Settled band line-ups in jazz are pretty rare. The Duke Ellington Orchestra, Dave Brubeck Quartet, Modern Jazz Quartet, Thelonious Monk Quartet (1964-1968), Medeski, Martin And Wood and The Bad Plus spring to mind.
But now master guitarist John McLaughlin’s 4th Dimension quartet, also featuring Gary Husband on keys/occasional drums, Etienne M’Bappe on bass and Ranjit Barot on drums, surely belongs in that illustrious company. John has built this band around slick interplay, interesting Western/Eastern rhythmic and harmonic approaches, sizzling guitar solos and unapologetically complex fusion compositions. Though he has intimated that Black Light may be his final studio album, he remains a remarkably energetic figure.
I have been a giant McLaughlin fan since my dad took me to see him at the Hammersmith Odeon (12th July 1984) when I was 12. I was initially drawn to the gig because my hero Billy Cobham was billed to be on drums, though he was replaced for the tour by Danny Gottlieb. But no matter. I loved the concert (and Danny’s playing) and quickly became obsessed with a Mahavishnu Orchestra best-of and also the 1979 album Electric Dreams. Since then, every new McLaughlin album was been an event in my house.
And Black Light is no exception. But, to this correspondent, the album it most resembles from John’s past is 1975’s Inner Worlds, the swansong for the original Mahavishnu Orchestra; it sounds more like the culmination of a band project rather than a new start, with more of a Latin influence than usual. Of course there are outstanding tracks too. As ever, John has one foot in the future and one in the past – manic opener ‘Here Come The Jiis’ refers to the famous bassline in Miles Davis’s ‘It’s About That Time‘, while ‘Being You Being Me’ mixes mid-’80s-style guitar-synth textures with the rhythmic feel of 1973’s ‘Lila’s Dance‘, though the result is unfortunately more Di Meola than Mahavishnu. ‘Clap Your Hand’, the album’s standout, is a superb, menacing modal piece in the classic McLaughlin tradition of ‘Jozy‘, ‘Honky Tonk Haven‘ and ‘Radioactivity‘. Notably, the groove is given a lot of room to breath, and there’s an exciting swing in the dichotomy between 4/4 and 6/8 time.
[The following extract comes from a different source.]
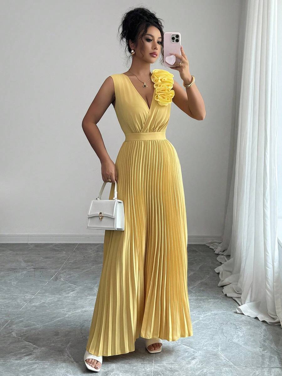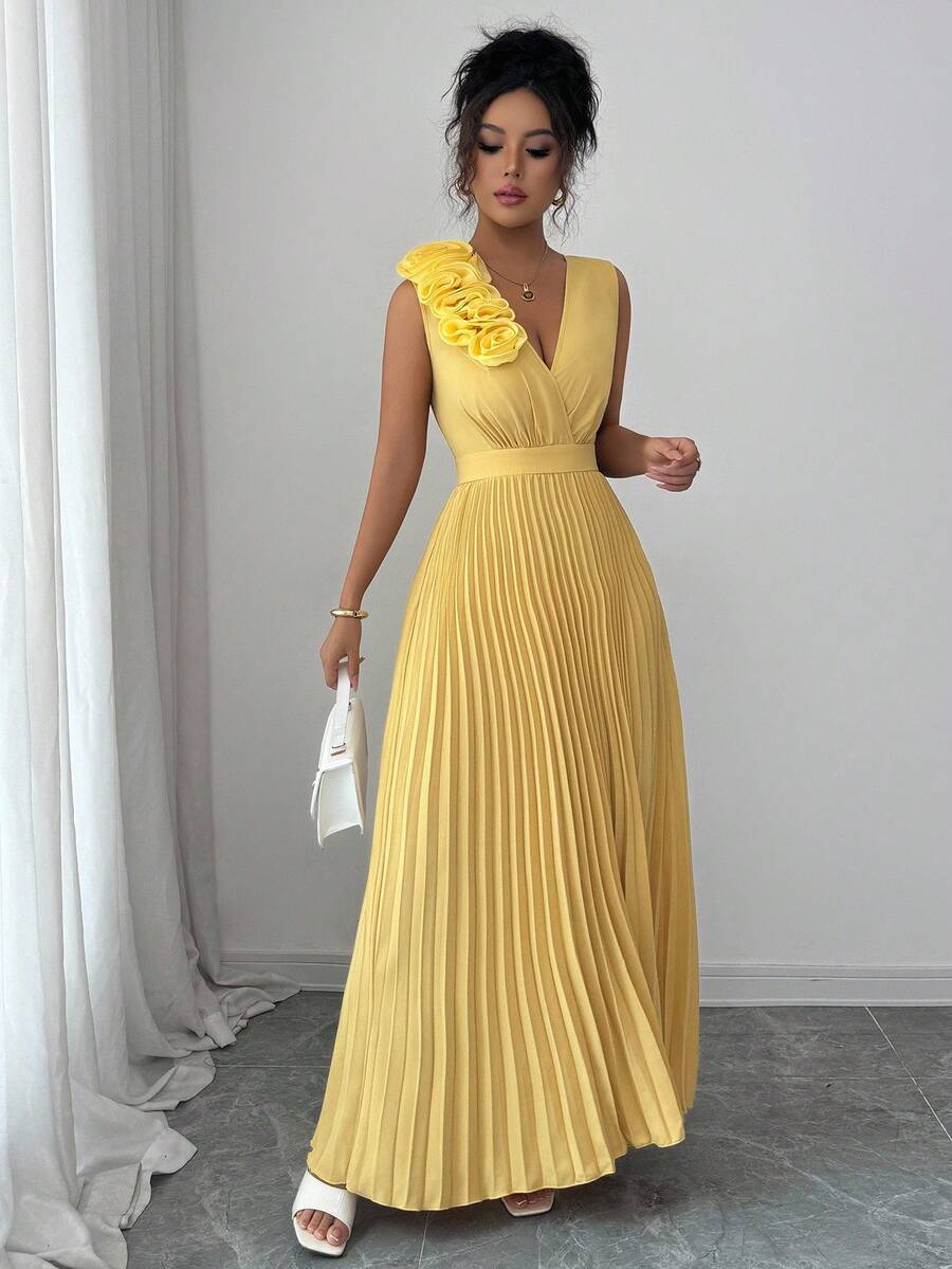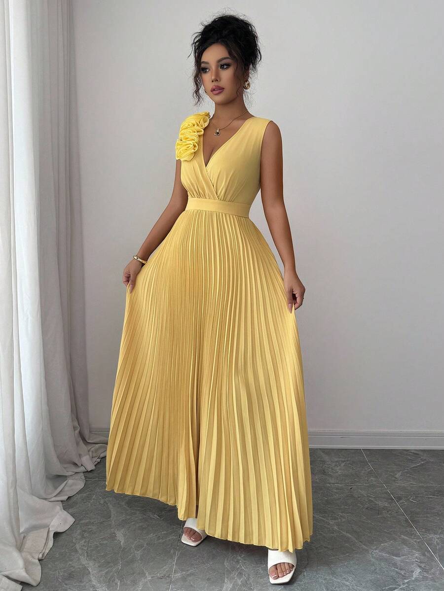 Vestido plisado de linea a con escote en v, parches florales y volantes en la cintura, color amarillo crema de verano

Elsewhere, ‘Gaza City’ hides a beautiful composition behind a rather mechanical (militaristic?) Barot backbeat, not helped by an airless, muddy drum sound. ‘Kiki’ initially impresses with a frantic, treacherous theme but doesn’t offer anything particularly different to the other uptempo tracks from the album.
After listening to Black Light a few times, I played the previous two studio albums Now Here This and To The One in quick succession and found the three to be worryingly interchangeable, though 2010’s To The One features the strongest themes and most dynamic band interplay (possibly due to drummer Mark Mondesir’s far jazzier approach than Barot’s). I wonder if the hard-disc technology used by John to structure his compositions is stifling creativity in the studio; gorgeous harmonies are sometimes hamstrung by rather dated drum’n’bass-influenced loops, synth horn blasts and regimented grooves. And though John’s solos are consistently brilliant, they increasingly rely on long lines of sixteenth notes.
But we must applaud his single-minded, heartfelt, joyful approach to music, and one thing’s for sure – the Black Light material will come to life and offer up many of its secrets onstage. Here’s hoping there’s a lot more to come from John yet.
Black Light is out now on Abstract Logix.